INPUT FOR THIS TASK
______________________________
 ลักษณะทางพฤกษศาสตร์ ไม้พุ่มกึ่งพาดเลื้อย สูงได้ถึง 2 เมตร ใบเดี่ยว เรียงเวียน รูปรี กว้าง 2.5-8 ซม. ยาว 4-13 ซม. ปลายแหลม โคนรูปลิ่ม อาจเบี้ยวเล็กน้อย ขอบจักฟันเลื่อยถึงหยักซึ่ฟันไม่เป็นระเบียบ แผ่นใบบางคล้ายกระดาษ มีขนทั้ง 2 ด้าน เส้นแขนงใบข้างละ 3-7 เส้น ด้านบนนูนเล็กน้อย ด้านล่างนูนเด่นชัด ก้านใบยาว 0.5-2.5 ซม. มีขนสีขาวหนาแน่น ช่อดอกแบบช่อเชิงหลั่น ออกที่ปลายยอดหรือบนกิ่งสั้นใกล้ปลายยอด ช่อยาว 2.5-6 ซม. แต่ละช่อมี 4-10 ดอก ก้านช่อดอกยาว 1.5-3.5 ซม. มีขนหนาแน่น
______________________________
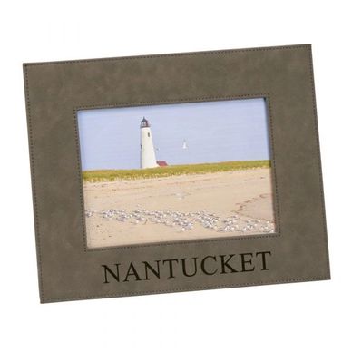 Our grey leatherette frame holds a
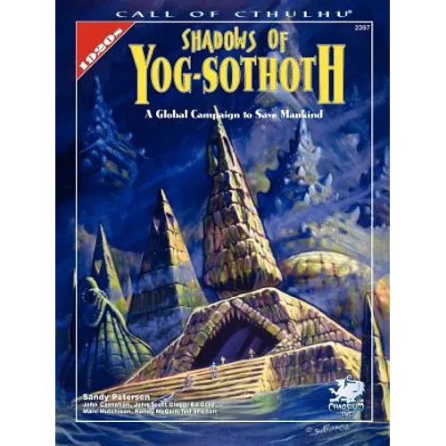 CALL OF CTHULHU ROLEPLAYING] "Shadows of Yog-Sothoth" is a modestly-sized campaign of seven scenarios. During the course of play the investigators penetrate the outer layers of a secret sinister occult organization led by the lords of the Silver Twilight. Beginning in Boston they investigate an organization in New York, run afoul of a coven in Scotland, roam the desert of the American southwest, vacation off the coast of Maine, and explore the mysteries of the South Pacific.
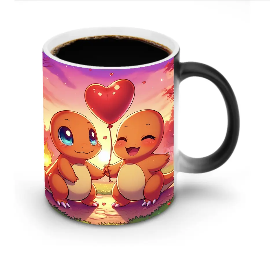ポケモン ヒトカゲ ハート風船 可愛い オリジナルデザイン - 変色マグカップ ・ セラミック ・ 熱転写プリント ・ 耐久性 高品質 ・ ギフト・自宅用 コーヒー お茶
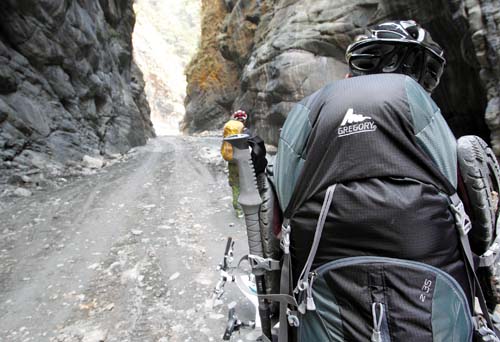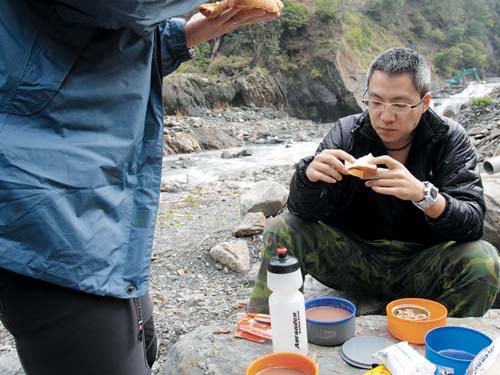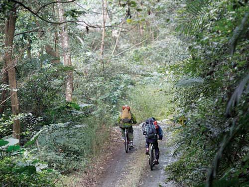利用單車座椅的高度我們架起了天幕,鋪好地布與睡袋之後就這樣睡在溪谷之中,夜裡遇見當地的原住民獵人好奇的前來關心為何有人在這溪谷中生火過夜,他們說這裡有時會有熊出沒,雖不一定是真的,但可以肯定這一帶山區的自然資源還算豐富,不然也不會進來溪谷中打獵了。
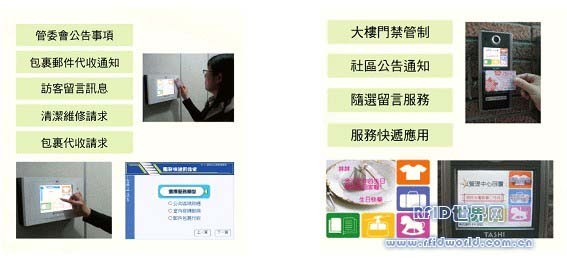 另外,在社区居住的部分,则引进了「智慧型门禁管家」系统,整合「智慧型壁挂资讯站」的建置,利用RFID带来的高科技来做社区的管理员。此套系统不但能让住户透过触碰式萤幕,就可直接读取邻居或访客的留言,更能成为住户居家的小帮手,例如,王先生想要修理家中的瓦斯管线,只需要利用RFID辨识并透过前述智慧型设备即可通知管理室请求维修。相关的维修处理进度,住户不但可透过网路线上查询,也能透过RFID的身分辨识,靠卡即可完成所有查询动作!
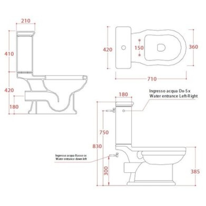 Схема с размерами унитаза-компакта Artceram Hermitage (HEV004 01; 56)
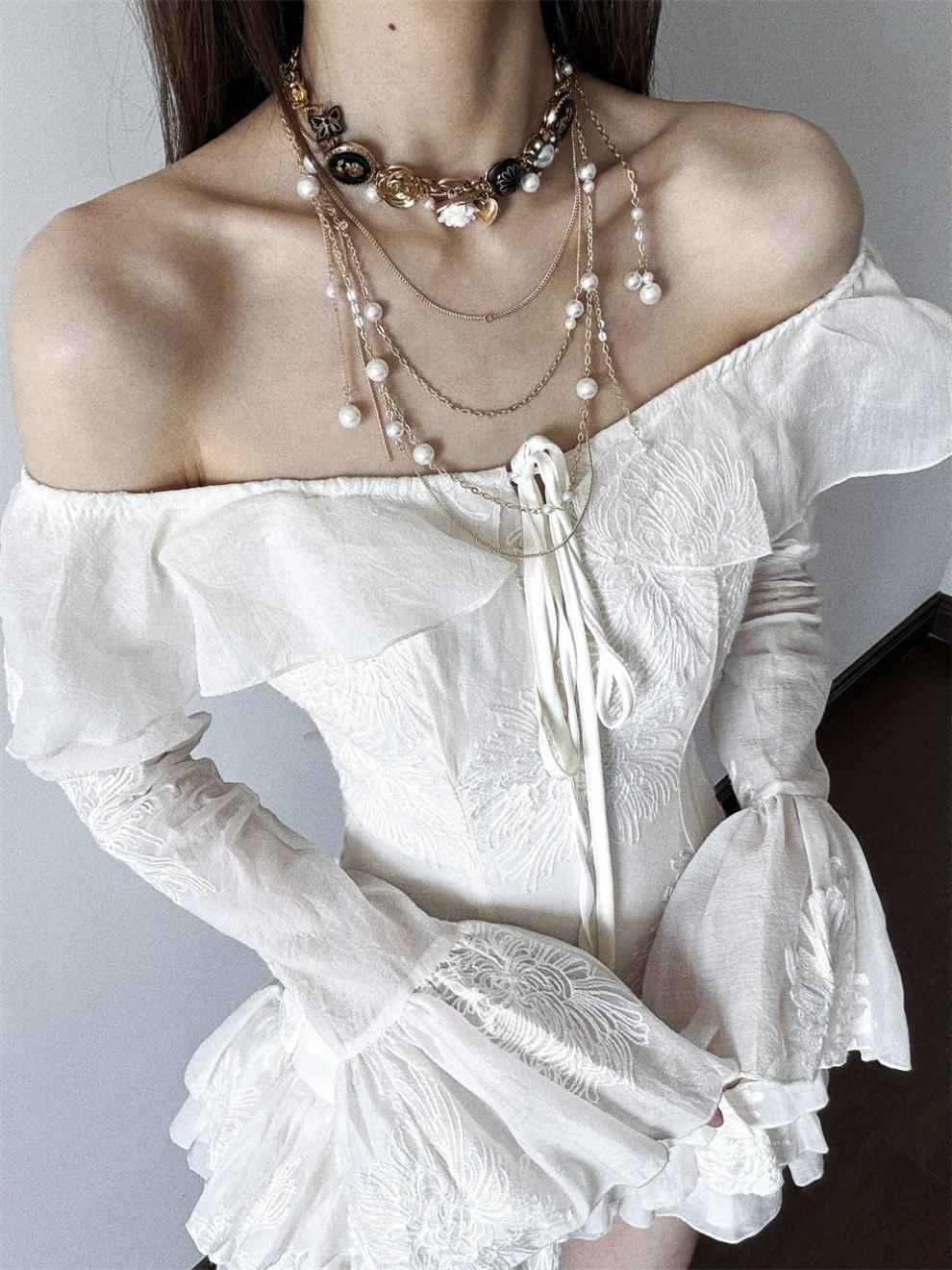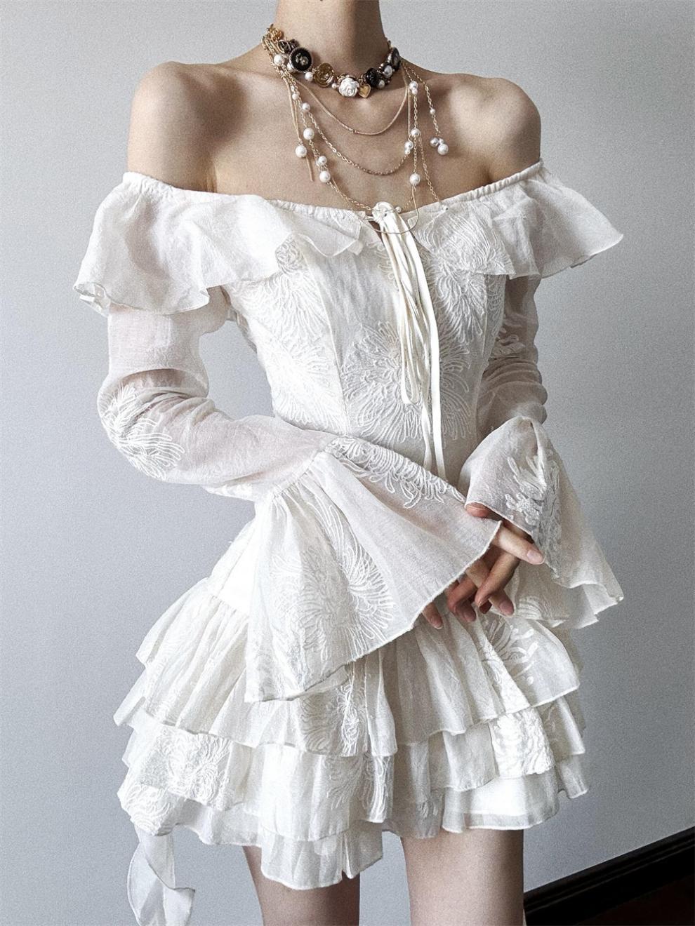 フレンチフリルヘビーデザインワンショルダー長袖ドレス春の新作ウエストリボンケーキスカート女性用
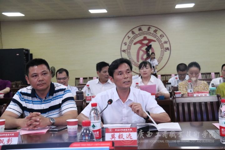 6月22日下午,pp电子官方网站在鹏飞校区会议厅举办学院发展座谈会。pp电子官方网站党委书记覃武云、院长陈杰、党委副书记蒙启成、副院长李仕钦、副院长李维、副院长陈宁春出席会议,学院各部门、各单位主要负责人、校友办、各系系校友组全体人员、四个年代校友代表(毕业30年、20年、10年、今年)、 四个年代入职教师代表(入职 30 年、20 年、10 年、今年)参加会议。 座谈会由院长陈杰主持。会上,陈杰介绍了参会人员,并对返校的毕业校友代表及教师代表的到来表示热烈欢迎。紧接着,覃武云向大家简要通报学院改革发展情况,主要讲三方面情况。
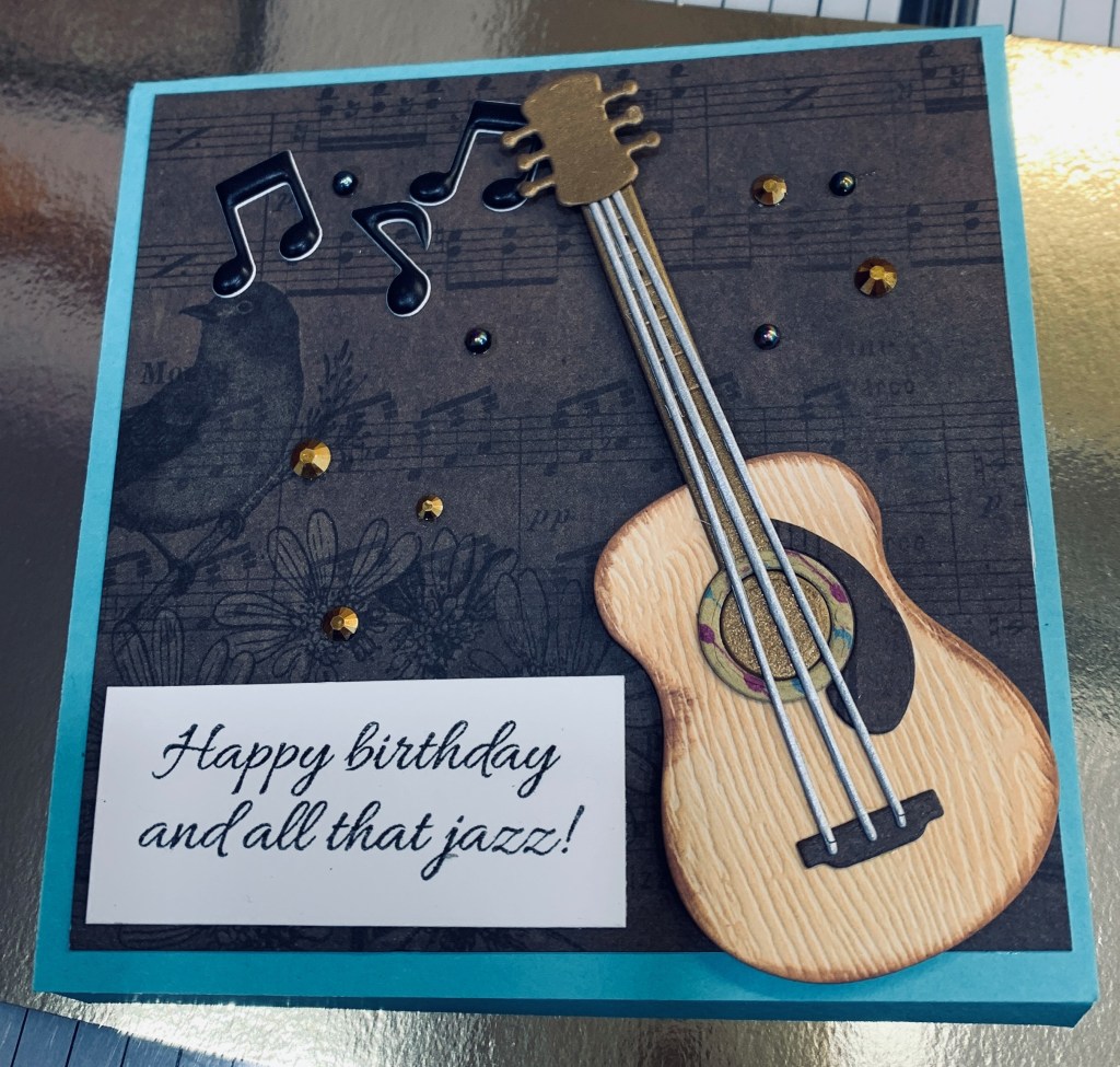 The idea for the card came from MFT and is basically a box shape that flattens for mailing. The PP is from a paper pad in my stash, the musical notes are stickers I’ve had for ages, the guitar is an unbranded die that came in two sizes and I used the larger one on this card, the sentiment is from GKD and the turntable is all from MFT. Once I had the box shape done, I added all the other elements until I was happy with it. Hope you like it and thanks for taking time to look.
______________________________
WHAT IS EXPECTED
The answer should consist only of the lines above from the one with "另外,在社区居住的部分,则引" through the one with "The idea for", repeated exactly, with no pictures among them.

YOUR RESPONSE
 另外,在社区居住的部分,则引进了「智慧型门禁管家」系统,整合「智慧型壁挂资讯站」的建置,利用RFID带来的高科技来做社区的管理员。此套系统不但能让住户透过触碰式萤幕,就可直接读取邻居或访客的留言,更能成为住户居家的小帮手,例如,王先生想要修理家中的瓦斯管线,只需要利用RFID辨识并透过前述智慧型设备即可通知管理室请求维修。相关的维修处理进度,住户不但可透过网路线上查询,也能透过RFID的身分辨识,靠卡即可完成所有查询动作!
 Схема с размерами унитаза-компакта Artceram Hermitage (HEV004 01; 56)
 フレンチフリルヘビーデザインワンショルダー長袖ドレス春の新作ウエストリボンケーキスカート女性用
 6月22日下午,pp电子官方网站在鹏飞校区会议厅举办学院发展座谈会。pp电子官方网站党委书记覃武云、院长陈杰、党委副书记蒙启成、副院长李仕钦、副院长李维、副院长陈宁春出席会议,学院各部门、各单位主要负责人、校友办、各系系校友组全体人员、四个年代校友代表(毕业30年、20年、10年、今年)、 四个年代入职教师代表(入职 30 年、20 年、10 年、今年)参加会议。 座谈会由院长陈杰主持。会上,陈杰介绍了参会人员,并对返校的毕业校友代表及教师代表的到来表示热烈欢迎。紧接着,覃武云向大家简要通报学院改革发展情况,主要讲三方面情况。
 The idea for the card came from MFT and is basically a box shape that flattens for mailing. The PP is from a paper pad in my stash, the musical notes are stickers I’ve had for ages, the guitar is an unbranded die that came in two sizes and I used the larger one on this card, the sentiment is from GKD and the turntable is all from MFT. Once I had the box shape done, I added all the other elements until I was happy with it. Hope you like it and thanks for taking time to look.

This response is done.